When the input is 80V you are running the opto isolators at more than 10mA , which is far more than they need. I suggest you increase the 2k2 resistors to 4K7 or 10K. If you do rewire the PCB to put the LEDs in series with the opto isolators, then this will make the LEDs less bright, but unless you view them in direct sunlight they should still be bright enough, especially if they are green ones.

With the latest change, arent they running at seven mA? According to the simulation at least.
Could i get a one or two line explanation on the change of putting the led in series ? Is what i said earlier correct?
There are only 0.7 volts to the second led, should i worry about this?
Thanks everyone

Your revised schematics need amending. If you are going to connect the indicator LED in series with the opto isolator, then the 1N4148 diode should be in parallel with the series combination of the indicator and the opto isolator. Otherwise, if the 80V input is reversed, you will blow the LED.

Another issue with both the original and the revised circuit is that if you reverse the 80V input, then almost the full 80V appears across the 2.2k resistor, and it will dissipate about 3W. This is a consequence of adding the zener diodes and reducing the series resistor.

You haven't told us what the forward voltage of your indicator LEDs is (or even what colour they are), so I can't calculate the exact current flowing through the circuit.

dc42:
Your revised schematics need amending. If you are going to connect the indicator LED in series with the opto isolator, then the 1N4148 diode should be in parallel with the series combination of the indicator and the opto isolator. Otherwise, if the 80V input is reversed, you will blow the LED.

Absolutely right, I forgot about that, Thanks for looking into it and telling me.
Attached the corrected schematic. (I left the SW2 switch to do some tests in the simulator)

dc42:
Another issue with both the original and the revised circuit is that if you reverse the 80V input, then almost the full 80V appears across the 2.2k resistor, and it will dissipate about 3W. This is a consequence of adding the zener diodes and reducing the series resistor.

Anything that can be done with this? I understand what you are saying but I cant see this can be fixed, right?

dc42:
You haven't told us what the forward voltage of your indicator LEDs is (or even what colour they are), so I can't calculate the exact current flowing through the circuit.

Sorry about that, its a regular 5mm green led. I dont know the forward voltage as I got them from the store without further information. According to LED - Basic Green 5mm - COM-09592 - SparkFun Electronics
Could we say "1.8-2.2VDC forward drop
Max current: 20mA
Suggested using current: 16-18mA
Luminous Intensity: 150-200mcd"

I really appreciate your help dc42, now and also in the past you have helped me.

btw. I dont need very bright leds on the PCB, just the minimum to see if the channel is ON or OFF. So the current through the LED+optocoupler can be lowered, 5mA is ok?

Skip the 1N4148 and put an 1N400X in serie with the zeners, no revers voltage and not possible to burn 2k2.
What current do the optokopplare LED need?
Look in the daasheet after CTR current transfer ratio.

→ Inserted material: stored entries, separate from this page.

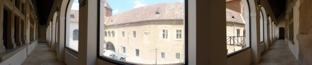 A kép a reneszánsz folyosón készült az első emeleten, a lovagterem főbejárata előtt. Betekintést nyerhetünk a vár udvarára, és jól látszik a turisták által is látogatható északi torony.
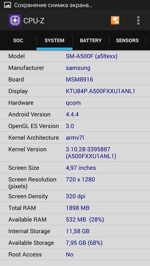 - Операционная система Android 4.4.4
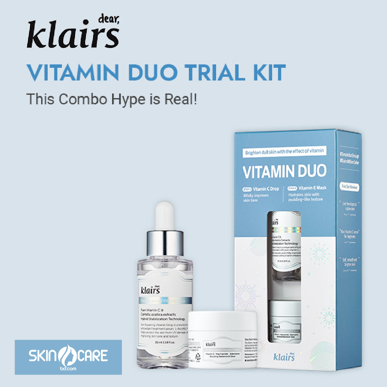 The Klairs Vitamin Duo Trial Kit is a convenient starter set designed to introduce your skin to the benefits of Vitamin C and Vitamin E. Perfect for brightening dull skin, evening skin tone, and enhancing radiance, this kit includes travel-friendly sizes of Klairs’ Vitamin C Serum and Vitamin E Cream, providing gentle yet effective care suitable for all skin types, including sensitive skin.
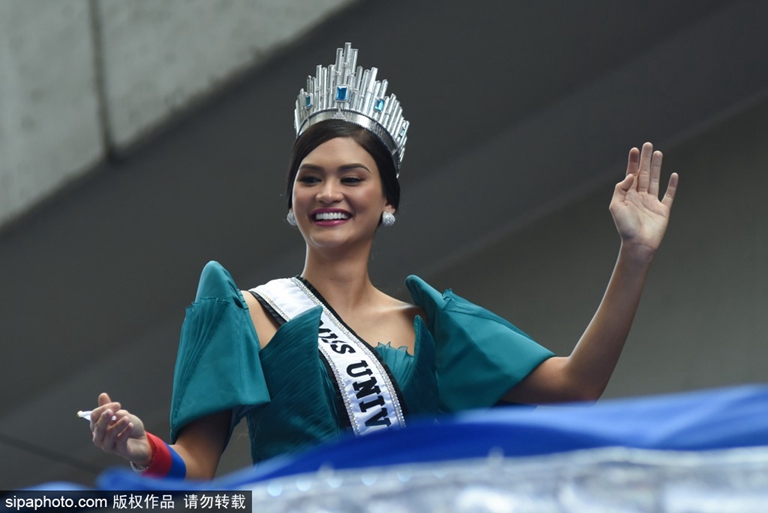 当地时间2016年1月25日,菲律宾马尼拉,菲律宾小姐皮雅·阿龙佐·乌兹巴赫(Pia Alonzo Wurtzbach)夺得2015环球小姐冠军,胜利归国游行受支持者追捧。(图片来源:希帕中国)
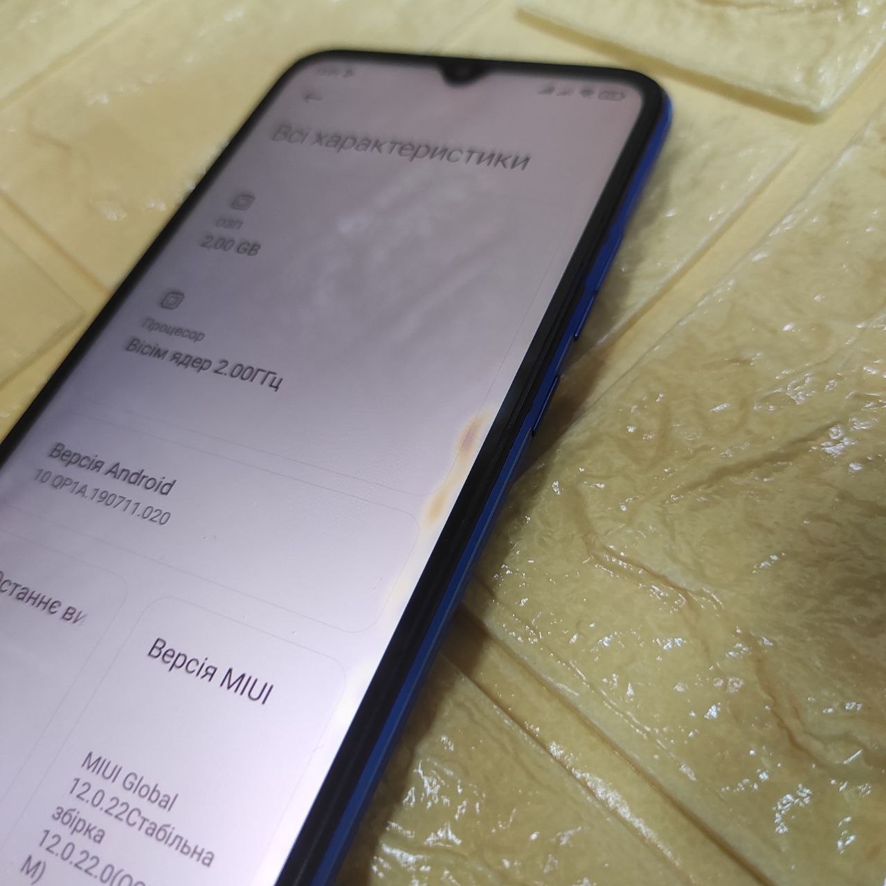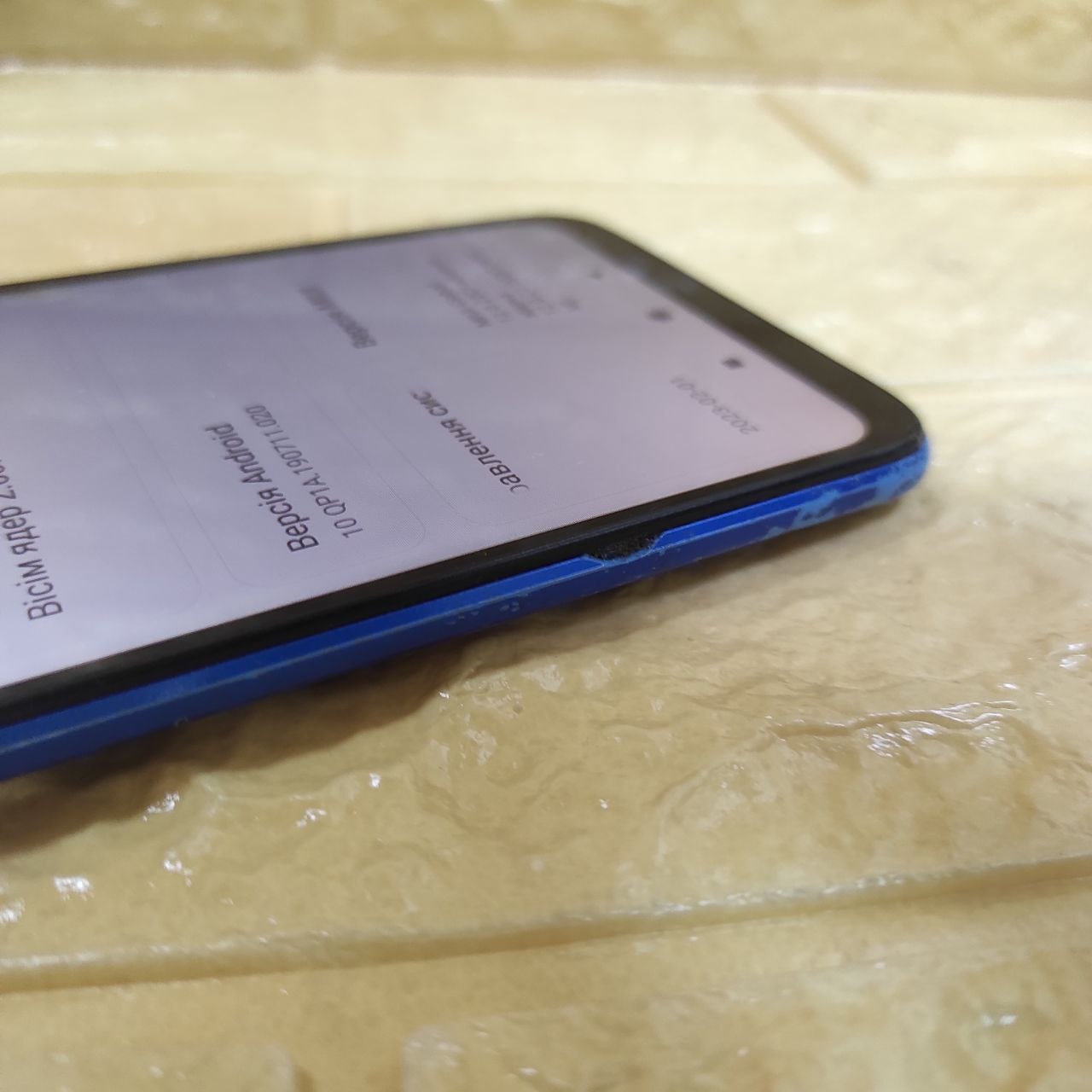 Сильні подряпини і сколи по периметру корпусу. Тріщина на екрані Жовта пляма на екрані. Побито скло камери. Мутна камера.

LED current x CTR = phototransistor current.

LED current 10mA x CTR 50% = possible phototransistor current 5 mA

If you use 10kohm pullup = 0,5 mA from optocoupler you only need 1 mA LED current.

Look in the datasheet what CTR your optocoupler have and calculate the current needed.
Calculate the resistor with 60 volts input.

Pelle, sorry about the spelning, my Pad talkning swedish

The full design is here, as you can see there are already 2 x 1n400x at the begining as protection. however, previously I was told to put also this other diode across the optocoupler as it was a faster diode. Is this correct? should I leave it or remove it?

Let me go through your calculations, CRT is new to me. After I read about it I will post again.
Thanks again pelle